Forum Moderators: phranque
Kind of an odd one this. I was looking to see if there was a way to conditionally redirect. That is redirect only if the remote file exists.
I realise this might generate a response overhead but it may be justified in this case.
domain1.com moved to domain2.com
domain1.com has error handling/tracking and filters to stop negative traffic.
Requests for pages that exist domain2.com made on domain1.com should be redirected to domain2.com, otherwise the request should be allowed to be processed by domain1.com htaccess rules/filtering/etc.
on domain1.com htaccess I could write a rule such as:
RewriteRule ^page.html$ [domain2.com...] [NC,L,R=301]
But this would require me updating a changing list of pages.
I could write:
RewriteRule ^(.*)$ [domain2.com...] [NC,L,R=301]
but this would negate a lot of the custom filtering and error tracking on domain1.com
So I need a rule that checks if the file returns 200 header on teh remote domain and if so then redirects.
Is this feasible? Is there a better way?
Matt
If they're not in the same filesystem, then you'll need a script that can do HTTP requests to actually go fetch the URL and check the response header. This will be highly inefficient, since every domain2 page will be fetched twice, and it will also make a mess of the logs and "stats" on domain2.
Jim
RewriteEngine On
RewriteBase /
RewriteCond %{HTTP_REFERER} ^http://(www\.)?domain1.com.*$ [NC]
RewriteCond %{REQUEST_URI}!-U
RewriteRule ^(.+) http://domain1.com/$1
then on domain1.com
RewriteEngine On
RewriteBase /
RewriteCond %{HTTP_REFERER}!^http://(www\.)?domain2.com.*$ [NC]
RewriteRule ^(.+) http://domain2.com/$1
Something like that so domain1.com only redirects to domain2.com if it hasn't already tried that. Got the idea from askapache .coms ultimate htaccess article.
I will rethink how I approach it I feel. If it can't be done by htaccess alone I'm not going to bring in a script to complicate matters.
HTTP_REFERRER is fine but has caused me problems in the past with items like Norton that tend to blank it.
What does:
RewriteCond %{REQUEST_URI}!-U
do? I've never seen -U before.
I suspect I'll give up on the filtering in domain1 and just generically redirect to domain2.
Something like:
RewriteRule ^(.*)$ [domain2.com...] [L,R=301]

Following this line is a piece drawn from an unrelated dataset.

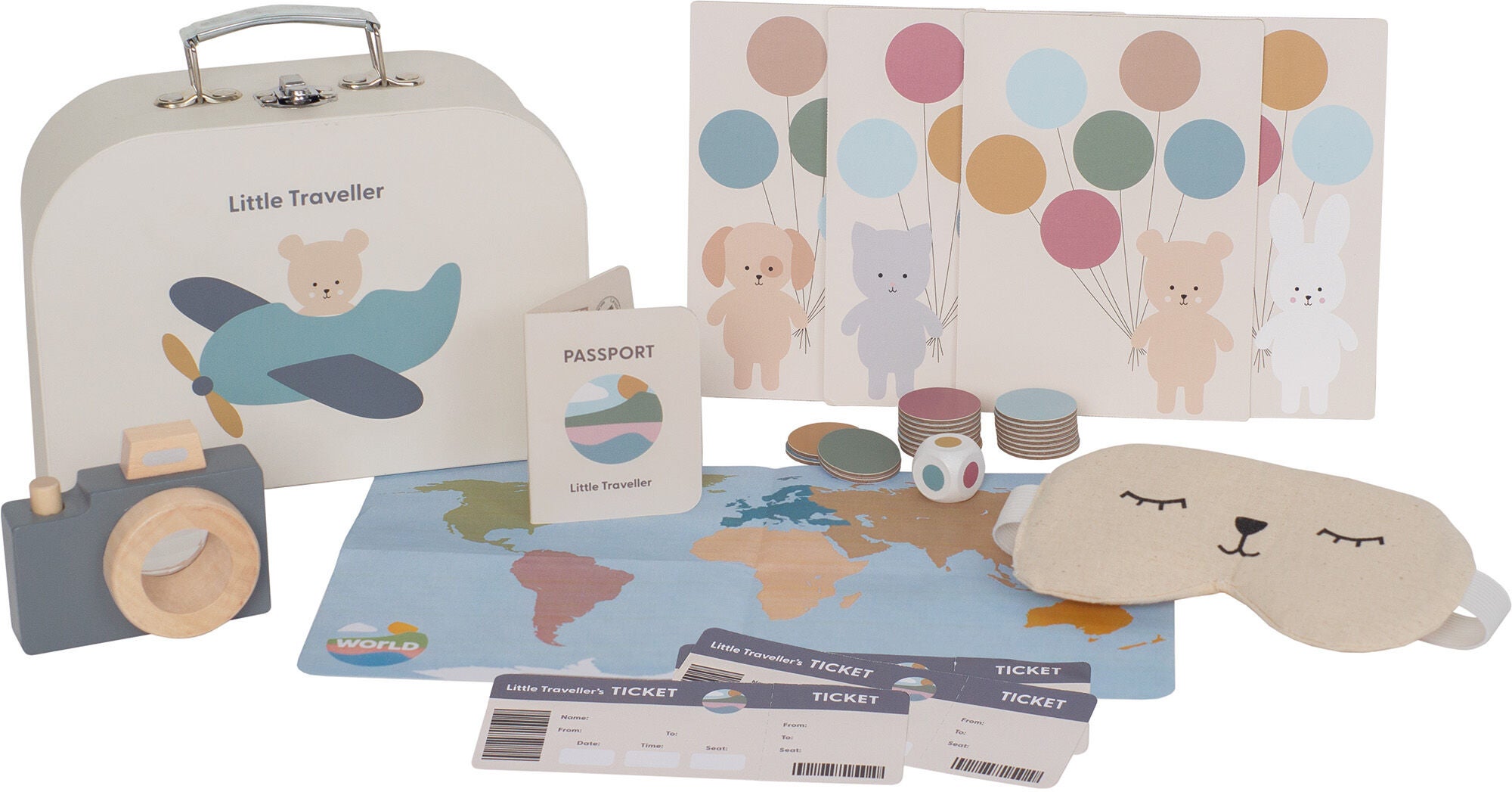 Kuffert fra JaBaDaBaDo med et underholdende rejsesæt. Den har et pas og et verdenskort. Kufferten har et kamera og et sjovt spil, som man kan spille, når man er ude at rejse. Perfekt til timevis af fantasifuld leg. CE-mærket. Indeholder: 1 kuffert, 1 pas, 3 billetter, 1 kamera med prisme, 1 sovemaske, 1 verdenskort, 4 spillebrikker, 24 farvede brikker til spillet, 1 terning. Anbefalet alder: Fra 3 år.

As you may have guessed I had my site on domain1.co.uk and domain2.com. This lead to SE duplication penalties. I settled on domain2.com and want to transfer and SE visits on domain1.co.uk to domain2.com, if possible whilst filtering out malicious traffic load from hitting domain2.com. I'll live with the above instead.
Matt
Remove the files / pages / directories you want to redirect from domain1 and upload them to domain2. Then check to see if the requested resource (file) exists on domain1.
If the resource being requested from domain1.com DOES NOT EXIST, redirect to domain2.com otherwise serve the information from domain1.